Ермоген перекрестил воинов, грозно взглянул на мужичка, в спешке убирающего строительный мусор у стены, поклонился иконе, ещё раз сотворил крест и зашёл в здание. Смотреть особо было нечего. Первый этаж состоял из длинного коридора и трёх больших комнат, включавших в себя: кухню, столовую, оружейную. Две большие печи отапливали всё помещение. Второй этаж был разделён на пять комнат, сообщающихся между собой так же коридором, только в отличие от нижнего этажа, выходящим на противоположную от двора сторону. Комнаты были оборудованы деревянными настилами, но судя по постельным принадлежностям, в казарме ночевало далеко не всё воинство. Данная особенность от внимательного взгляда епископа не ускользнула и он улыбнулся. Оно и понятно, пришлые литвины успели пережениться, следовательно, ночи проводили в своих семьях. Но не это обрадовало Ермогена, а то, что воины теперь были крепко привязаны к земле. Спустившись по второй лестнице через кухню, делегация оказалась в подвальном помещении. Здесь хранились запасы продовольствия с дежурившим у дверей мордастым котом. Зверюга был непонятной, серо-рыжей масти с короткими кисточками на кончиках ушей и слишком крупным; даже для вскормленного на сметане домашнего питомца. Но самое интересное, что рыжие пятна на спине отчётливо напоминали шестиконечный крест.
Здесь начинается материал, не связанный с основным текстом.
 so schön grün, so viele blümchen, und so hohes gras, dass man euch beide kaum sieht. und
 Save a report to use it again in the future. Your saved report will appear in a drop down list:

― А это кто? ― спросил Ермоген у Свиртила.
― Это? Да я не знаю, дети в лесу зимой нашли, сюда принесли. Теперь Е... ентот кот кладовую стережёт.
Зверюга сверкнул глазами, подкрался к епископу, присел, обнюхал натёртый жиром сапог и, лизнув его, прошмыгнул на выход. С кухни, куда он побежал, раздалось не то мурлыканье, не то рычание и голос стряпухи: ― Ермогеша! Вот ты где, иди сюда, я тебе молочка налью.
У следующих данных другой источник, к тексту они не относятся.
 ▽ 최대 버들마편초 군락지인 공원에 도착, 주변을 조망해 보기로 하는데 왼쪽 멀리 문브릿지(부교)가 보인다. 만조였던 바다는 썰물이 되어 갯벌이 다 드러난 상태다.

Меркурьевцы виновато потупились. Кличку кота, они, конечно же, знали, но кто мог предположить, что такой казус может произойти?
― Ваше Преосвященство, извольте потрапезничать с нами, ― прервал затянувшуюся паузу Свиртил, ― по случаю освящения храма у нас праздничный обед.
Его Преосвященство отказываться не стал. Аромат, исходивший от явств, когда они проходили возле кухни до сих пор щекотал ноздри и дразнил желудок, а последний раз священники ели по дороге из Смоленска; впрочем, удивить богатством блюд, Ермогена не смогли. Добротная, сытная еда с изобилием мяса, кашей и пирогами. Вместо вина или медовых настоек ― морс. О празднике напоминал лишь огромный самовар, который епископ внимательно осмотрел и белые скатерти на столах.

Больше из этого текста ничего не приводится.